On sait que la rénovation énergétique du parc immobilier genevois est l'une de vos préoccupations. Cette loi pourrait la compliquer, du fait du morcellement de la propriété. Ce point n'aurait-il pas dû vous obliger à vous positionner?
La rénovation énergétique des bâtiments est aujourd’hui une obligation. Chaque bâtiment doit baisser sa consommation pour atteindre un certain niveau. Cette exigence demeure quelque soit la configuration des propriétaires même si, c’est vrai, la multitude de propriétaires peut rendre ces rénovations plus complexes.

Si la loi passe, craignez-vous que vos offices soient dépassés par le travail d'autorisation? Vous l'aviez évoqué à demi-mot lors du vote au Grand Conseil en décembre 2025.
A nouveau, cette possibilité existe déjà. Certaines années, mon département a dû traiter 10 dossiers, mais on tourne plutôt autour des 2 à 3 dossiers. Si la loi est adoptée, il y aura probablement plus de demandes et mon département devra redoubler de vigilance dans l’étude des dossiers qui lui seront soumis afin d’éviter le risque principal qui est que les locataires soient sélectionnés de manière anticipée en fonction de leurs velléités de devenir propriétaires. Au final, mon département travaillera à préserver le parc locatif et le droit des locataires.
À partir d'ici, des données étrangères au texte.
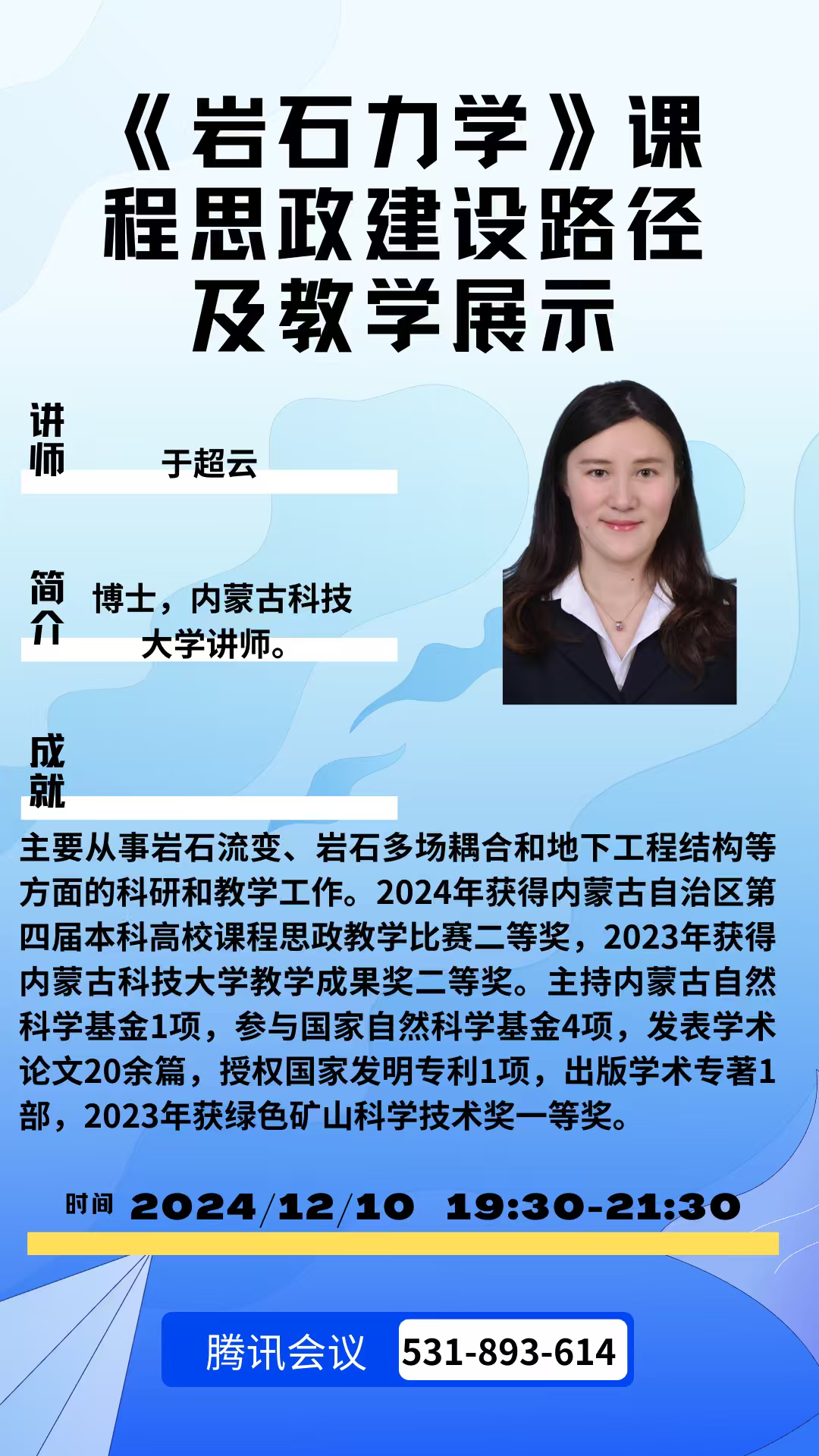 2024年12月10日晚,一场聚焦岩石力学与地下工程的高水平示范课在线上举行。本次课程由内蒙古科技大学讲师于超云博士主讲,围绕“岩石力学”课程的教学设计与实践展开,为参与师生呈现了一场融合基础理论与前沿应用的学术课堂。

Vous l'avez dit plusieurs fois, le canton traverse une crise du logement. Vous avez appelé à une «paix sociale du logement», mais les débats restent tendus. Une prise de position aurait pu fâcher l'un ou l'autre camp et compliquer cet objectif?
J’aurais préféré que les membres du Grand Conseil travaillent sur un projet commun sans mettre de l’huile sur le feu avec ce type de proposition. La question du logement reste très clivante alors qu’il faudrait tirer à la même corde: Construire de nouveaux logements pour toutes les catégories de la population. Travailler à des rénovations énergétiques préservant le droit au logement et programmer des nouveaux quartiers qui font envie. Le Conseil d’Etat continuera de travailler lui sur ces dossiers-là.